К ее счастью, собеседники вошли в канцелярию, находившуюся в противоположном конце коридора. Побыв там две-три минуты, они вышли и направились на улицу.

Не теряя времени, она зашла в канцелярию, сказала, что больше комиссара ждать не будет, некогда, заедет, мол, завтра, и, между прочим, выяснила фамилии «симпатичных курсантов», заходивших сюда только что. Затем отправилась в Москву, в ВЧК, прямо к Дзержинскому…

– Завтра с утра, – закончил Варлам Александрович свой рассказ, – мы их возьмем. Постараемся сделать это тихо, без шума. Но все равно через день-два об аресте станет известно. Придется тогда, по-видимому, курсантов разоружить, школу расформировать. Но тут вот какое дело. Как ты знаешь, в Кусково имеется другая военная школа. Курсанты там, как и в кунцевской школе маскировки, больше из бывших юнкеров и гимназистов. Надо полагать, что и они замешаны в этой истории. Школы-то, что кунцевская, что кусковская, друг друга стоят. Придется, как видно, разоружать и ту и другую. Ну, кунцевскую-то школу мы хорошо знаем, а вот в Кусково надо провести разведку: досмотреть, как школа расположена, каковы подходы, где хранится оружие. Советовались мы сегодня с Феликсом Эдмундовнчем и решили поручить разведку тебе. Тут требуется глаз опытный, наметанный.

– Я готов хоть сейчас…

– Сейчас-то, пожалуй, не к чему, надо с утра, только не вздумай ехать в таком виде, – Варлам Александрович кивнул на мою матросскую форменку, – всех перебулгачишь. Оденься в штатское. Найдется?

– Найду.

– Поедешь, ну, что ли, под видом инспектора по библиотечному делу, проверять библиотеку. Подойдет?

– Попробую.

– Попробуй. Завтра с утра зайди ко мне, заготовим мандат от Наркомпроса, и двигай.

Наутро, снабженный аршинным мандатом, из которого явствовало, что «предъявитель сего Павел Дмитриевич Марков действительно является инспектором Библиотечного отдела Наркомпроса РСФСР и ему поручается ознакомиться с работой библиотеки Военной школы в Кусково», я выехал на место.

Добирался я до Кусково, конечно, на своей машине. Пятнадцать – двадцать километров было по тем временам, при тех средствах сообщения, расстоянием нешуточным. Однако, не доезжая с километр до места, я из предосторожности вылез из машины и пошел пешком.

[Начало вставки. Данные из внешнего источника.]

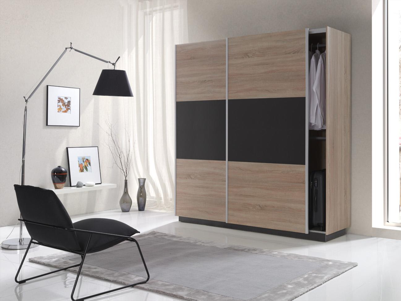 Lámete si hlavu kam so všetkým Vašim oblečením? Uložte ho do tejto priestrannej šatníkovej skrine s posuvnými dverami! Za dverami sa nachádzajú police v ľavej časti a dve vešiakové tyče v pravej časti. Moderný dizajn skrine doplňuje estetický pás uprostred na dverách. Skriňa sa hodí najmä do priestrannejších interiérov.

Не мог же, в самом деле, скромный инспектор Наркомпроса явиться в школу на новехоньком «Паккарде»!

Встретили меня в школе по меньшей мере неприветливо: кто такой, зачем? Причем здесь Наркомпрос? Мы учреждение военное, Наркомпрос нам не указ, поворачивай оглобли!

Я старался и так и сяк. Вы, мол, люди военные, у вас свое начальство. Я не военный, но начальство тоже есть, свое, не выполню распоряжения, попадет на орехи. И я многозначительно махал в воздухе своим мандатом. Наконец уломал какой-то чин в канцелярии и получил разрешение осмотреть библиотеку.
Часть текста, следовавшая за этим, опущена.